### What you are asked to do
In the material below, find the line containing "Отвертка аккумуляторная Deli" and the line containing "昆州瑞德兰市议会(Redland City Council)第七选区市议员艾利奥特(Murray", then reproduce exactly both of them and every line between, and nothing else.

### Task inputs
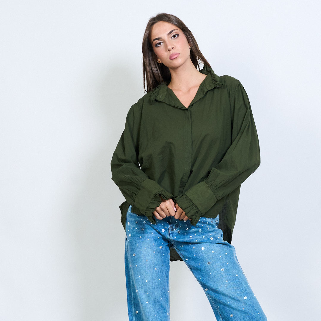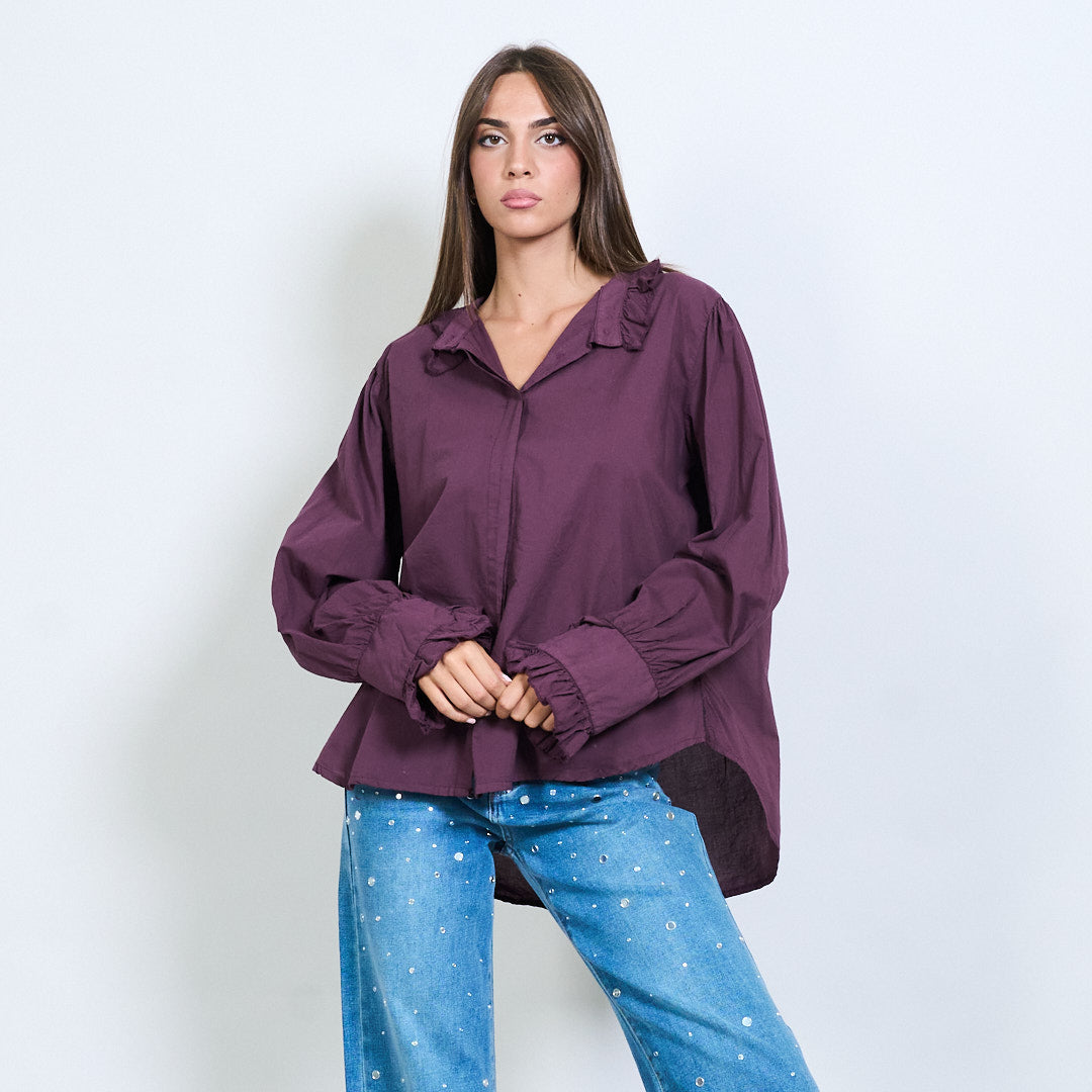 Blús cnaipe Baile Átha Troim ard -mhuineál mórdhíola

* * *

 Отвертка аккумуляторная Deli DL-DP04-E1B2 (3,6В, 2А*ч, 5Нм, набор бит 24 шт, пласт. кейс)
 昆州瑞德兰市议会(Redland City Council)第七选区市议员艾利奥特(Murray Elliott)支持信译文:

### Solution for this task
 Отвертка аккумуляторная Deli DL-DP04-E1B2 (3,6В, 2А*ч, 5Нм, набор бит 24 шт, пласт. кейс)
 昆州瑞德兰市议会(Redland City Council)第七选区市议员艾利奥特(Murray Elliott)支持信译文:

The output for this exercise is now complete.